__Exercise description__:
Reproduce the listing word for word, leaving every picture behind.

*** Data Section Begins ***

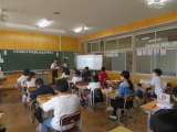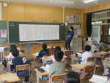 漢字の学習をしていました。 子どもたちが「漢字の先生」となって、「読み方」や「使...
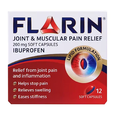 Flarin Joint & Muscular Pain Relief 200 mg soft capsules, a unique lipid formulated ibuprofen which is absorbed in the small intestine FOR JOINT PAIN, NO OTHER IBUPROFEN IS PROVEN TO BE MORE EFFECTIVE Relieves joint pain, muscle pain, back pain, inflammation, swelling and stiffness Suitable for relief of fever, headaches, migraine, cold and flu symptoms, rheumatic, dental and period pain Contains Gelatin from bovine. Gluten free and dairy free This product is quantity restricted and a maximum of 2 products containing paracetamol, aspirin or ibuprofen can be bought per week per customer, Always read the label
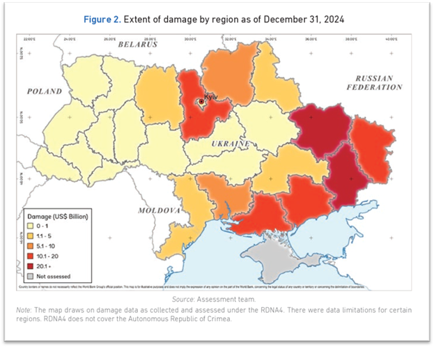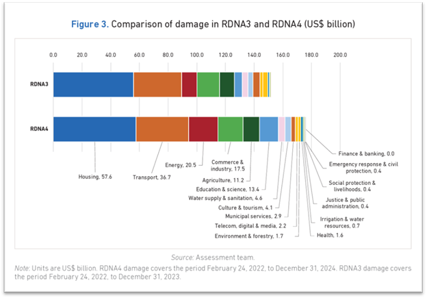 Source: UKRAINE FOURTH RAPID DAMAGE RDNA4 AND NEEDS ASSESSMENT. (2025, February). World Bank Group. https://documents1.worldbank.org/curated/en/099022025114040022/pdf/P180174-ca39eccd-ea67-4bd8-b537-ff73a675a0a8.pdf

*** Data Section Ends ***

__Answer area__:
 漢字の学習をしていました。 子どもたちが「漢字の先生」となって、「読み方」や「使...
 Flarin Joint & Muscular Pain Relief 200 mg soft capsules, a unique lipid formulated ibuprofen which is absorbed in the small intestine FOR JOINT PAIN, NO OTHER IBUPROFEN IS PROVEN TO BE MORE EFFECTIVE Relieves joint pain, muscle pain, back pain, inflammation, swelling and stiffness Suitable for relief of fever, headaches, migraine, cold and flu symptoms, rheumatic, dental and period pain Contains Gelatin from bovine. Gluten free and dairy free This product is quantity restricted and a maximum of 2 products containing paracetamol, aspirin or ibuprofen can be bought per week per customer, Always read the label
 Source: UKRAINE FOURTH RAPID DAMAGE RDNA4 AND NEEDS ASSESSMENT. (2025, February). World Bank Group. https://documents1.worldbank.org/curated/en/099022025114040022/pdf/P180174-ca39eccd-ea67-4bd8-b537-ff73a675a0a8.pdf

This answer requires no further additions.